2 Unexpected Pitfalls When Installing Vista

Discussion in 'Windows Vista Installation' started by E Pericoloso Sporgersi, Jan 20, 2008.

  1. and How To Rescue Yourself From Them

    Pitfall 1.

    On my brand-new portable with 2 internal SATA HDD's I wanted to install
    Vista with the same partition structure as on my XP desktop computer (also
    with 2 internal HDD's, actually 2 Raid 0 SATA pairs), namely:
    HDD 1: partitions C:, D:, E: and F:
    HDD 2: partitions G: and H:
    Provided I installed all applications and data files to the corresponding
    partitions, this would allow me to copy my desktop's environment variables,
    shortcuts and scripts (batch files) without having to worry about paths.

    To my surprise, after Vista's installation finish, I got:
    HDD 1: C:, E:, F:, and G:
    HDD 2: D: and H:

    Now the configuration I wanted required D: to be on HDD 1 and G: on HDD 2.

    Fortunately I noticed it in time and used Disk Management to reassign the
    correct drive letters. Part 2 will describe why this is so important to me.

    Pitfall 2.

    Ever since Windows 98 I've had 2 HDD's in my consecutive desktop computers.
    Hoping to gain some speed I always installed Windows on HDD 1 partition C:
    and the swapfile (pagefile.sys) and TEMP folder on HDD 2 partition G: (all
    caches and temporary files stored there). This also kept the images of my
    system partition C: a bit smaller, not having to include a relatively large
    swapfile. I also assume this divides the load on the HDD's somewhat more
    equitably. (I've had HDD's die on me, but always the first HDD, never the
    second one).
    This configuration always worked fine up to Windows XP Pro SP2.

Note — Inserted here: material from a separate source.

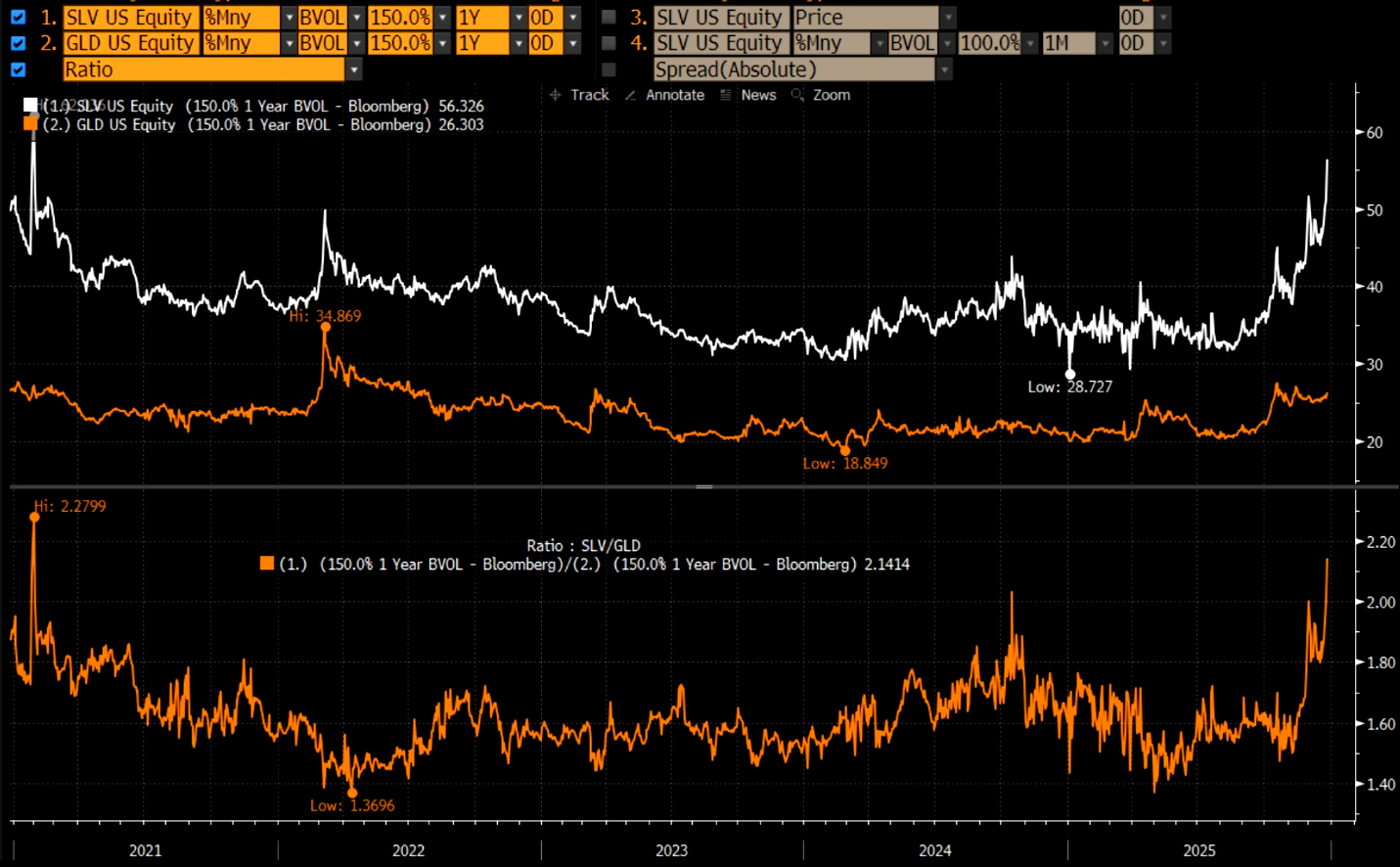 "The ratio of silver to gold vol is essentially at an ATH. Currently, one year 50% OTM calls on the $SLV carry an implied vol of 56. That's more than double the same strike vol in $GLD... chart below."

    I wanted to do the same with my Vista portable, but then things went wrong.
    With the swapfile on a partition other than the system partition C:, Vista's
    sleep and hibernation options didn't work any more, but made the computer
    freeze with a black screen, requiring a forced power down and a cold boot to
    recover. Moreover, the start menu shut down button and the physical power
    button did shut down Vista, but did NOT power down the computer. To actually
    power down the machine, I had to keep the power button depressed for 5
    A start menu restart always worked as expected, but of course a hot reboot
    does not require a power down.

    I'm glad to report the rescue proved to be easy. Vista appears to require a
    minimal swapfile in its system root. So I configured it to have:
    on HDD 1 C: a swapfile of 128 MB (128 MB might not be enough for you, YMMV)
    on HDD 2 G: a second 4GB swapfile

    Problems solved. But to Microsoft I would suggest Vista's setup to give more
    control over the partition structure, and Vista to give more elaborate
    warning about the issues of not having a token swapfile in Vista's root.
    E Pericoloso Sporgersi
    "It is dangerous to lean out!" [of Windows]
    XP or Vista? A polyglot''''s efficient solution: Vista for my portable and
    XP for my desktop!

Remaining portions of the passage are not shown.